This repository contains ViSpeR, a large-scale dataset and models for Visual Speech Recognition for English, Arabic, Chinese, French and Spanish.
Given the scarcity of publicly available VSR data for non-English languages, we collected VSR data for the most four spoken languages at scale.
Comparison of VSR datasets. Our proposed ViSpeR dataset is larger in size compared to other datasets that cover non-English languages for the VSR task. For our dataset, the numbers in parenthesis denote the number of clips. We also give the clip coverage under TedX and Wild subsets of our ViSpeR dataset.
Dataset | French (fr) | Spanish (es) | Arabic (ar) | Chinese (zh) |
---|---|---|---|---|
MuAVIC | 176 | 178 | 16 | -- |
VoxCeleb2 | 124 | 42 | -- | -- |
AVSpeech | 122 | 270 | -- | -- |
ViSpeR (TedX) | 192 (160k) | 207 (151k) | 49 (48k) | 129 (143k) |
ViSpeR (Wild) | 680 (481k) | 587 (383k) | 1152 (1.01M) | 658 (593k) |
ViSpeR (full) | 872 (641k) | 794 (534k) | 1200 (1.06M) | 787 (736k) |
First, use the provided video lists to download the videos and put them in seperate folders. The raw data should be structured as follows:
Languages | Split |
---|---|
French | train, test_tedx, test_wild |
Spanish | train, test_tedx, test_wild |
Chinese | train, test_tedx, test_wild |
Arabic | training coming soon, test_tedx, test_wild |
Data/
├── Chinese/
│ ├── video_id.mp4
│ └── ...
├── Arabic/
│ ├── video_id.mp4
│ └── ...
├── French/
│ ├── video_id.mp4
│ └── ...
├── Spanish/
│ ├── video_id.mp4
│ └── ...
- Setup the environement and repo:
conda create --name visper python=3.10
conda activate visper
git clone https://github.com/YasserdahouML/visper
cd visper
- Install fairseq within the repository:
git clone https://github.com/pytorch/fairseq
cd fairseq
pip install --editable ./
cd ..
- Install PyTorch (tested pytorch version: v2.2.2) and other packages:
pip install torch torchvision torchaudio
pip install pytorch-lightning
pip install sentencepiece
pip install av
pip install hydra-core --upgrade
- Install ffmpeg:
conda install "ffmpeg<5" -c conda-forge
You need the download the meta data from Huggingface🤗, this includes train.tar.gz
and test.tar.gz
. Then, use the provided metadata to process the raw data for creating the ViSpeR dataset.
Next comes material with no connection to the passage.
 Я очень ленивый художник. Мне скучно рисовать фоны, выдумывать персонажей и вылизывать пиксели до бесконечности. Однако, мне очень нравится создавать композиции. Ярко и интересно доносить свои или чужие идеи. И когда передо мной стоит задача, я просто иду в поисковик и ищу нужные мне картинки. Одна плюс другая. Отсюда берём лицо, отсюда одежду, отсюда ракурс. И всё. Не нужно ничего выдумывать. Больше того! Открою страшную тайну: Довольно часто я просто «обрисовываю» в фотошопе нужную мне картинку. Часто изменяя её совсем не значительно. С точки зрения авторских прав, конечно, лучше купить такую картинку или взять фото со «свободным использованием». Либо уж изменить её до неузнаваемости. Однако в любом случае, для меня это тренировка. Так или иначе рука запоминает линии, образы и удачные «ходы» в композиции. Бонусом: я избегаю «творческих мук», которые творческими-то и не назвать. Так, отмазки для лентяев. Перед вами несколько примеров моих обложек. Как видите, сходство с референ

You can use the crop_videos.py
to process the data, note that all clips are cropped and transformed
Languages | Split |
---|---|
French | train, test |
Spanish | train, test |
Chinese | train, test |
Arabic | Training coming soon, test |
python data_prepare/crop_videos.py --video_dir [path_to_data_language] --save_path [save_path_language] --json_path [language_metadata_path] --use_ffmpeg True
ViSpeR/
├── Chinese/
│ ├── video_id/
│ │ │── 00001.mp4
│ │ │── 00001.json
│ └── ...
├── Arabic/
│ ├── video_id/
│ │ │── 00001.mp4
│ │ │── 00001.json
│ └── ...
├── French/
│ ├── video_id/
│ │ │── 00001.mp4
│ │ │── 00001.json
│ └── ...
├── Spanish/
│ ├── video_id/
│ │ │── 00001.mp4
│ │ │── 00001.json
│ └── ...
The video_id/xxxx.json
has the 'label' of the corresponding video video_id/xxxx.mp4
.
For english, you can refer to LRS3, and VoxCeleb-en
The processed multilingual VSR video-text pairs are utilized to train a multilingual encoder-decoder model in a fully-supervised manner. The supported languages are: English, Arabic, French, Spanish and Chinese. For English, we leverage the combined 1759H from LRS3 and VoxCeleb-en. While the encoder size is 12 layers, the decoder size is 6 layers. The hidden size, MLP and number of heads are set to 768, 3072 and 12, respectively. The unigram tokenizers are learned on all languages and have a vocabulary size of 21k. Results are presented here:
Language | VSR (WER/CER) | AVSR (WER/CER) |
---|---|---|
French | 29.8 | 5.7 |
Spanish | 39.4 | 4.4 |
Arabic | 47.8 | 8.4 |
Chinese | 51.3 (CER) | 15.4 (CER) |
English | 49.1 | 8.1 |
Model weights to be found at Huggingface🤗
Languages | Task | Size | Checkpoint |
---|---|---|---|
en, fr, es, ar, zh | AVSR | Base | visper_avsr_base.pth |
en, fr, es, ar, zh | VSR | Base | visper_vsr_base.pth |
Run evaluation on the videos using
CUDA_VISIBLE_DEVICES=0,1,2,3,4,5,6,7 python infer.py \
ckpt_path=visper_vsr_base.pth \
data.modality=video infer_path=/path/to/files.npy \
infer_lang=[LANG]
For evaluating using the AVSR model, modify data.modality=audiovisual
and ckpt_path=visper_avsr_base.pth
above. [LANG]
should be set to one of the five languages (arabic, chinese, french, spanish or english).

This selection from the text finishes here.